> _Dataset extract_
Segment Open
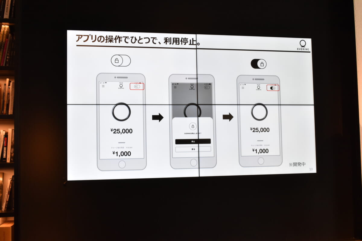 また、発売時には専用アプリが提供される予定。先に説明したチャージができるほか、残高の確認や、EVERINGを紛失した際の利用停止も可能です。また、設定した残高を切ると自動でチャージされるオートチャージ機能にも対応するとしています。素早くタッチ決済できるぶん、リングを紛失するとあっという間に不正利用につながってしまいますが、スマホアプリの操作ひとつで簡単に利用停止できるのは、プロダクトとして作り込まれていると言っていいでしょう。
Segment Closed
Segment Open
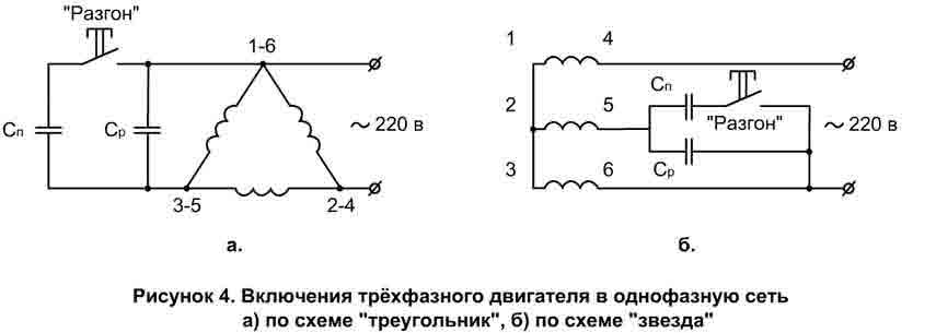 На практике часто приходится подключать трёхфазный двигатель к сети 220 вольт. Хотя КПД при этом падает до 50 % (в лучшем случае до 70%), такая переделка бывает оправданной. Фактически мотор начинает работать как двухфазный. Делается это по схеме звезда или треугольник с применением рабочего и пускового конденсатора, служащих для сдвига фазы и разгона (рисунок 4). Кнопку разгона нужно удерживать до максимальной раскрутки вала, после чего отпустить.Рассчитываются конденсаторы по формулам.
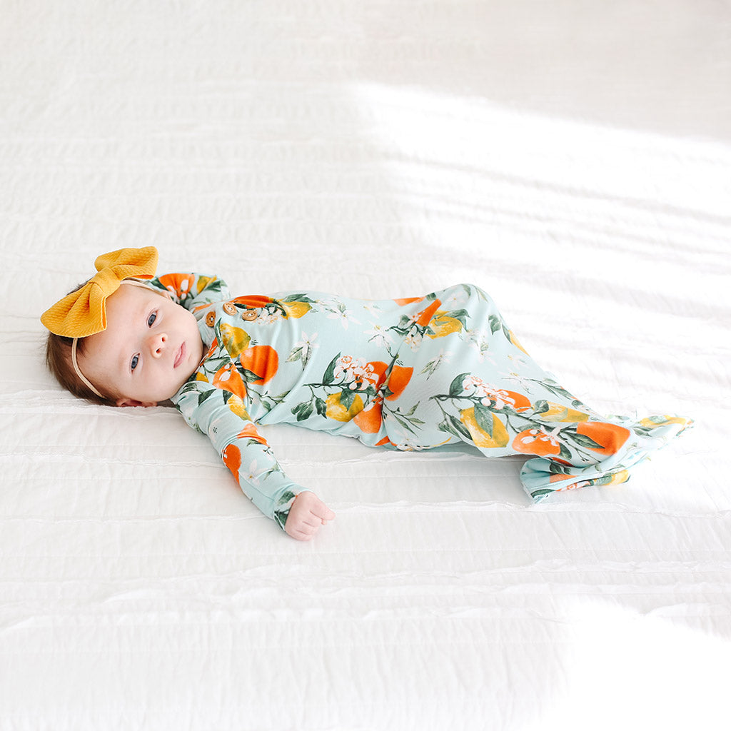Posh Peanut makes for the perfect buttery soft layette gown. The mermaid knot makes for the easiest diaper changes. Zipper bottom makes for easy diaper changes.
Segment Closed
Segment Open
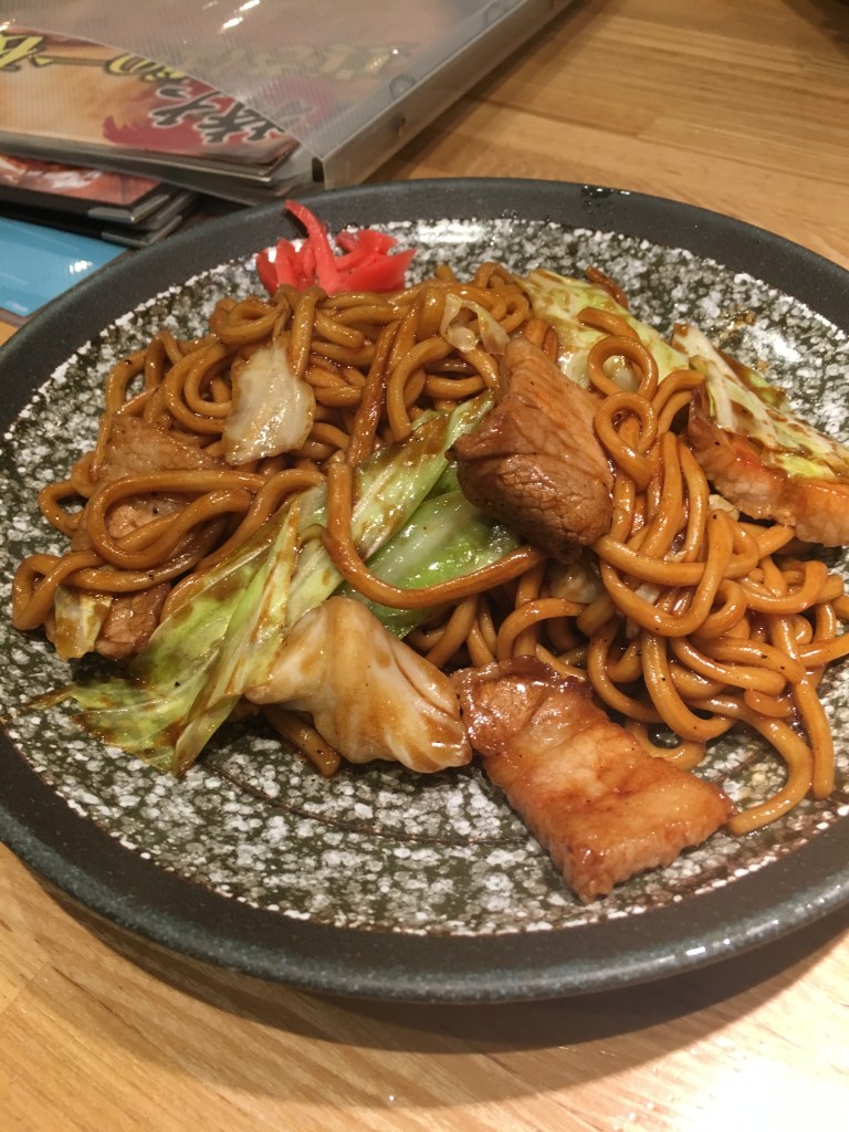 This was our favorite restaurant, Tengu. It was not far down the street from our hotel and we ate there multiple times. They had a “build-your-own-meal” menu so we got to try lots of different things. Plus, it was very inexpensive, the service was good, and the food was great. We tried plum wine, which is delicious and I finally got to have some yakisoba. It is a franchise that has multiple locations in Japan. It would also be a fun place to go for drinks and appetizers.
Segment Closed
> _Task goal_
Starting at the line above that holds "На практике часто", return each line up to and including the one that holds "Posh Peanut makes", exactly as written, minus any pictures.

> _The completed task_
 На практике часто приходится подключать трёхфазный двигатель к сети 220 вольт. Хотя КПД при этом падает до 50 % (в лучшем случае до 70%), такая переделка бывает оправданной. Фактически мотор начинает работать как двухфазный. Делается это по схеме звезда или треугольник с применением рабочего и пускового конденсатора, служащих для сдвига фазы и разгона (рисунок 4). Кнопку разгона нужно удерживать до максимальной раскрутки вала, после чего отпустить.Рассчитываются конденсаторы по формулам.
Posh Peanut makes for the perfect buttery soft layette gown. The mermaid knot makes for the easiest diaper changes. Zipper bottom makes for easy diaper changes.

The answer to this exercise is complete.